Whether it’s immigration in Germany, which is functionally controlled by people that still believe in chain migration because you could never do a coalition with the Right; or whether it’s the Democratic Party that is functionally being torn apart by people who believe in anti-progressive anti-meritocratic values, as embodied by not having a border. No progressive ever has believed in an open border. None. Never. It has never existed because that undermines the value of workers and their labor.

And if you want to see what happens to a culture when you don’t fight, look at who’s standing up in my former party to say this is ridiculous.
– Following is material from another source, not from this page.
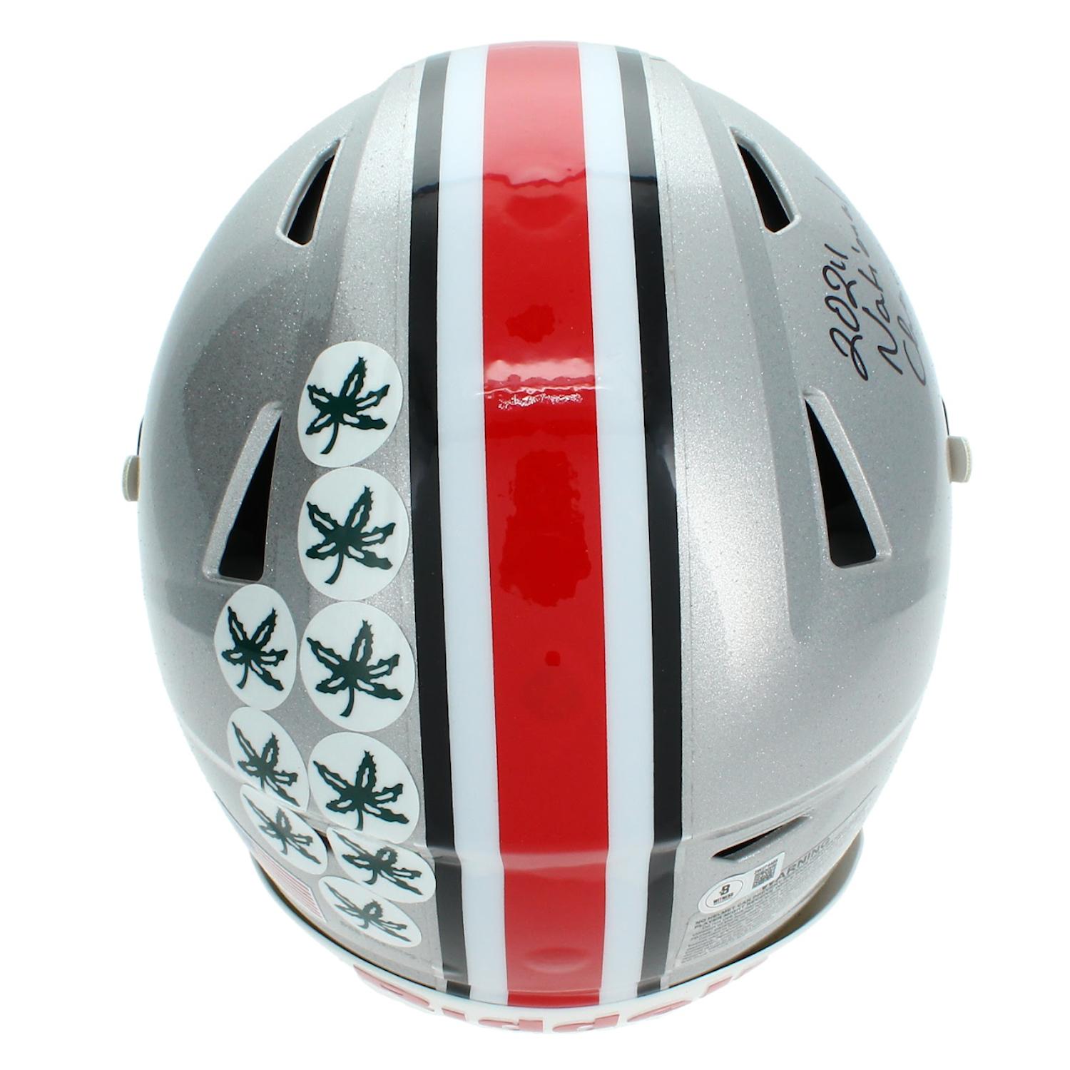Riddell Ohio State Buckeyes full-size authentic on-field speedflex helmet has been hand-signed and inscribed by Quinshon Judkins.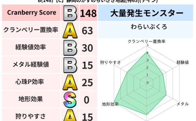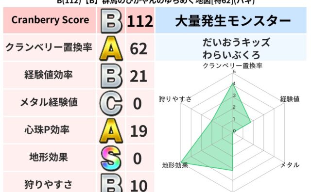クランベリーボット判定結果の詳細クランベリースコア150クランベリー置換率65%大量発生モンスターわらいぶくろ超耐性イオ(0%)系統狩り物質系53%こころ道 完全一致モンスターしのどれいゴッドハンド(守護道Lv5)大魔道士(魔力道Lv5)が...

Who stood up in Germany to talk about migration? We cannot allow ourselves to become Europe. We really have to fight. And I’m sure many in here are going to be involved in that. And Palantir, I think, has been at the forefront of this. And I’m most proud of the fact that we’ve been able to shift the culture to being, in Silicon Valley, away from being skeptical of America to being pro-America. The idea that you would give tools to give Americans an unfair advantage on the battlefield was viewed as heretical until recently.

Now it’s viewed as common sense: the idea that we enforced meritocracy when we were getting sued by the DOJ for basically just hiring the most qualified people. And if you do that and you succeed, you can actually change the way people think. Thank you.